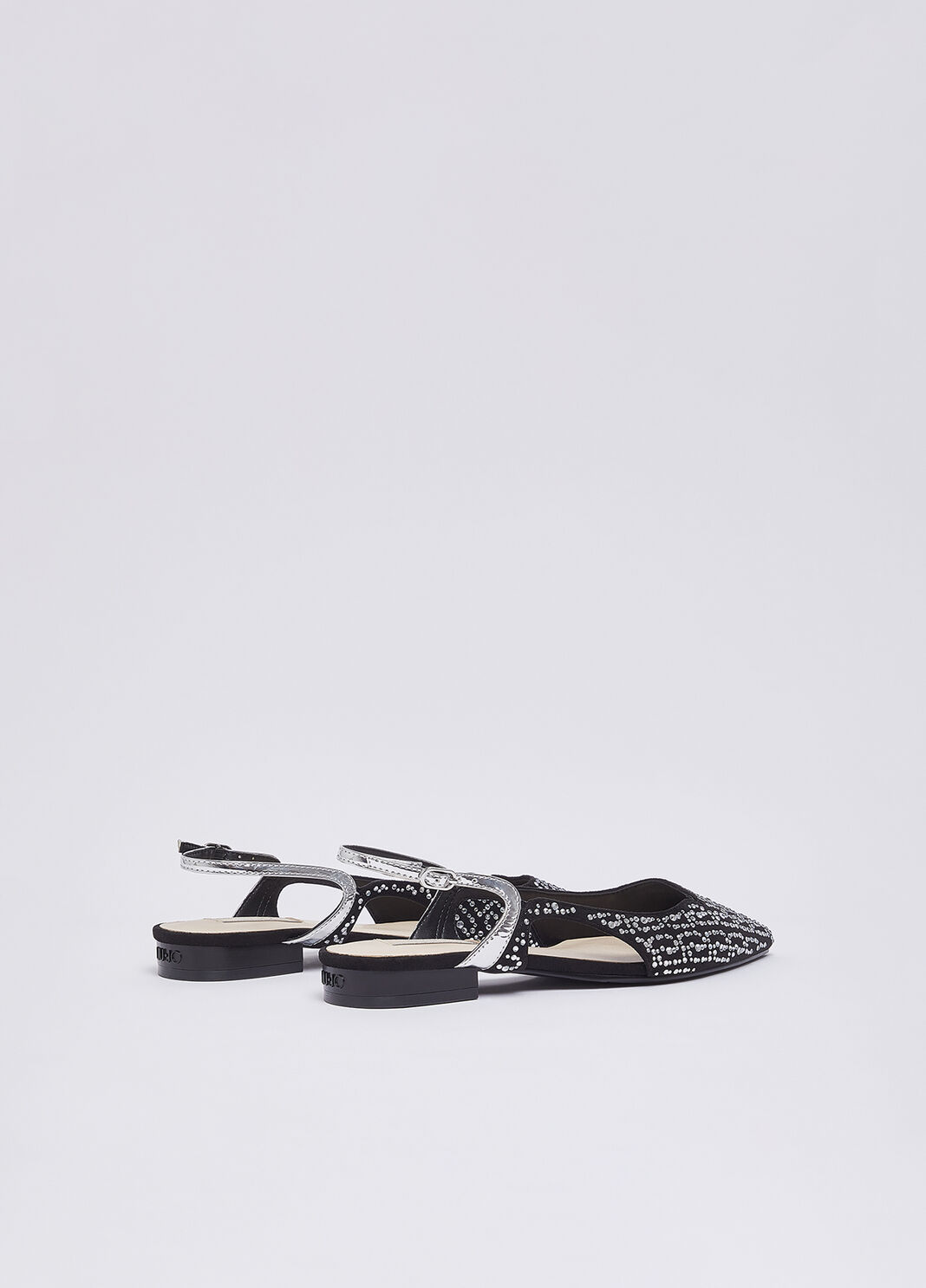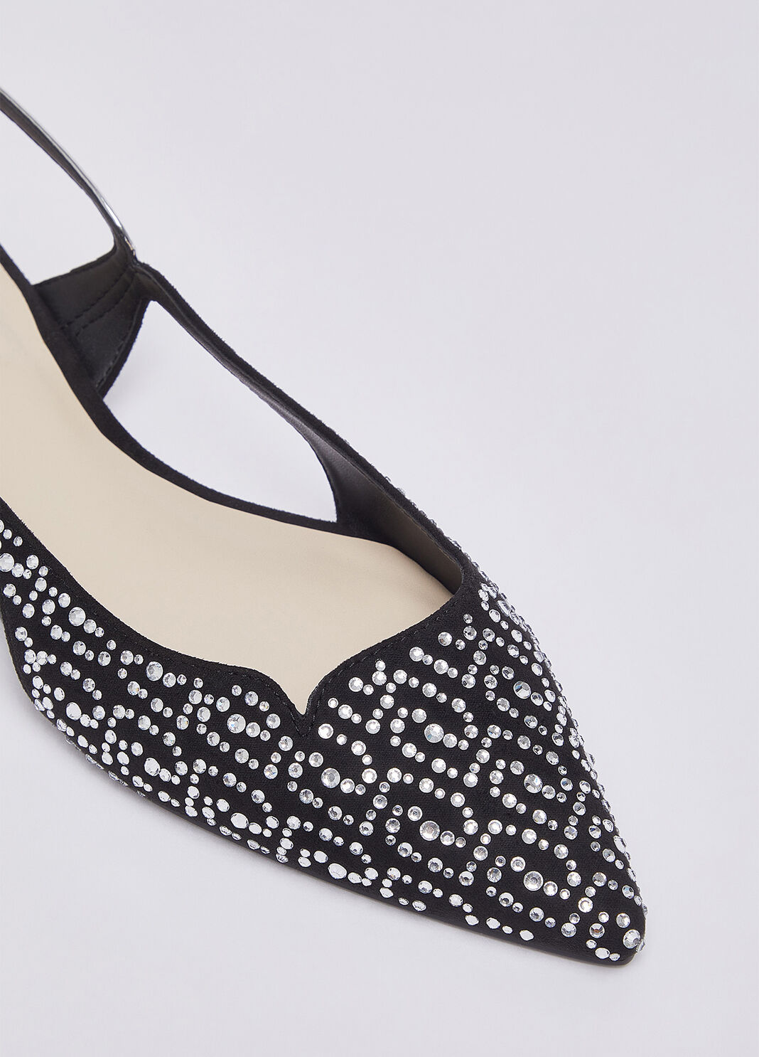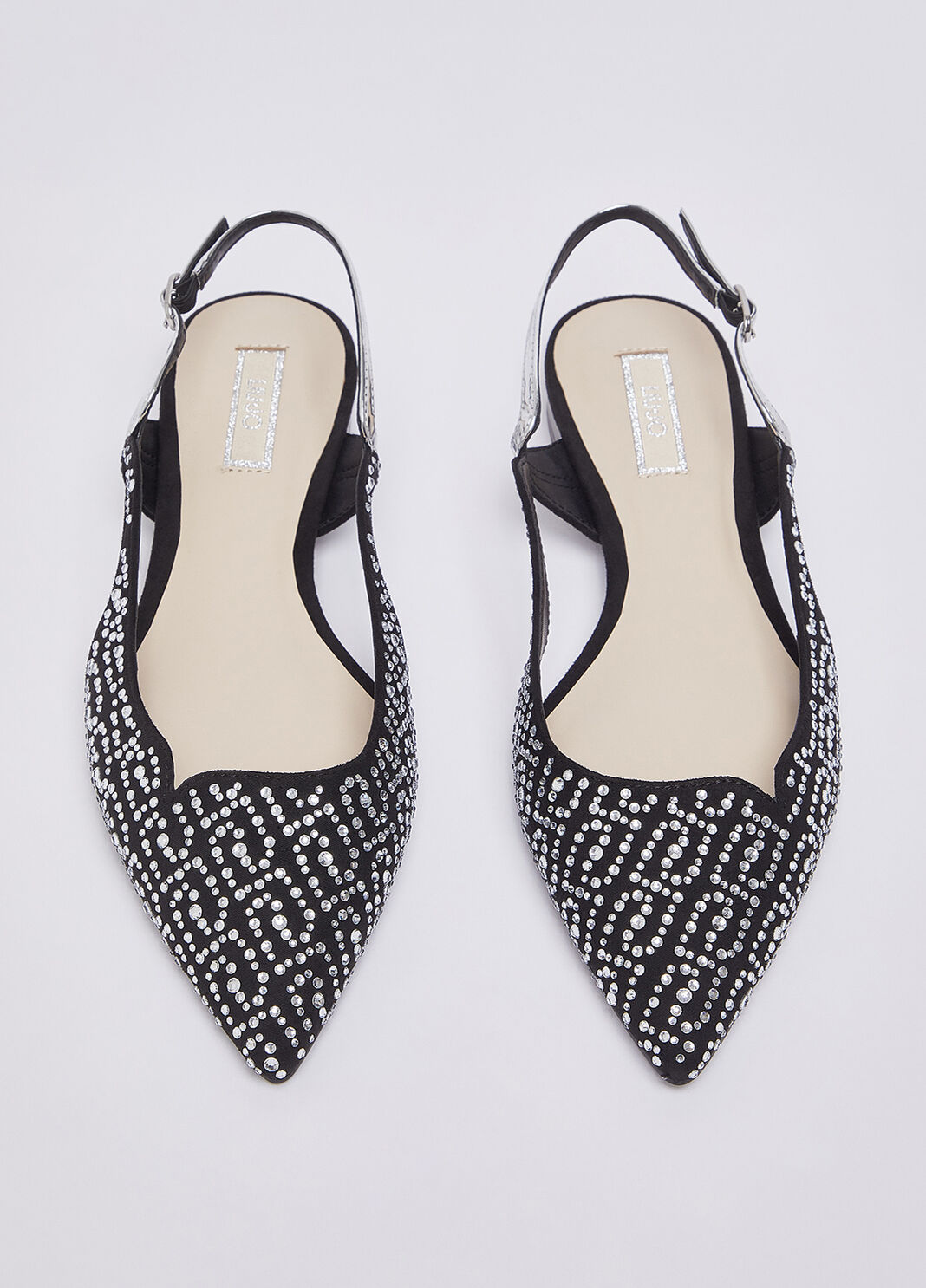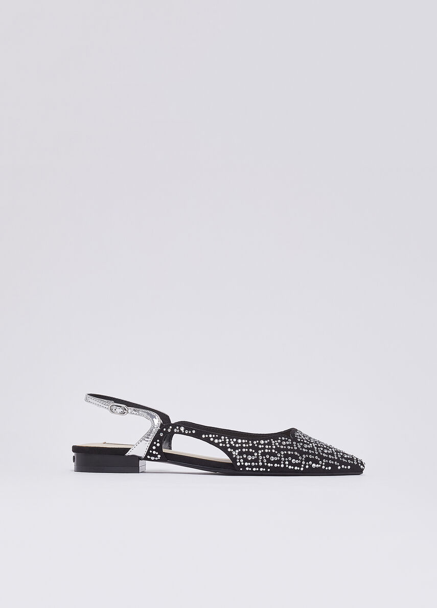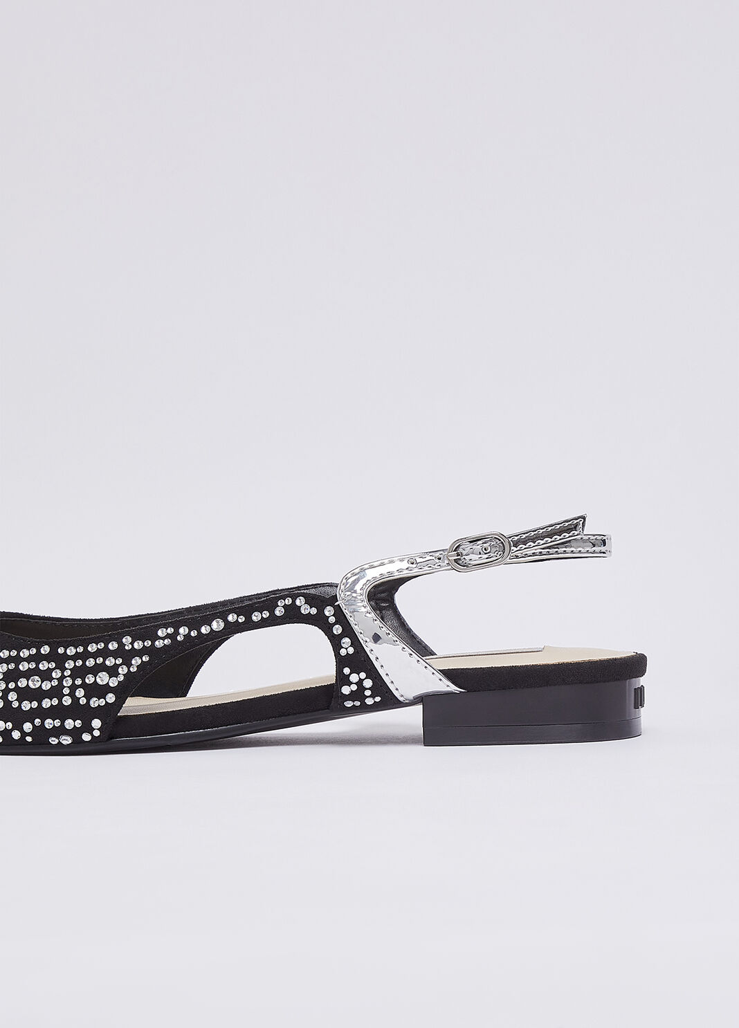 Slingback con tomaia in strass monogram, cinturino laminato a specchio con fibbia regolabile, punta affusolata e tacco flat logato. Altezza tacco: 1,5 cm.
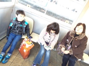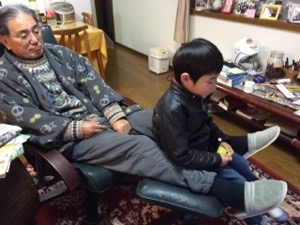 今日東京に帰ります。 最後にじいじのそばに寄り添う息子です。
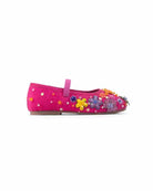 Bright, bold, and full of bloom. This kids ballerina comes alive in a vibrant pink base, adorned with colorful 3D floral details for a fun, eye-catching finish. Perfect for little feet that love to stand out and spin in style.
-------
PROBLEM DETAILS -
Your task is to output the material word for word while leaving out every image.

RESPONSE FOR THIS EXERCISE -
 Slingback con tomaia in strass monogram, cinturino laminato a specchio con fibbia regolabile, punta affusolata e tacco flat logato. Altezza tacco: 1,5 cm.
 今日東京に帰ります。 最後にじいじのそばに寄り添う息子です。
 Bright, bold, and full of bloom. This kids ballerina comes alive in a vibrant pink base, adorned with colorful 3D floral details for a fun, eye-catching finish. Perfect for little feet that love to stand out and spin in style.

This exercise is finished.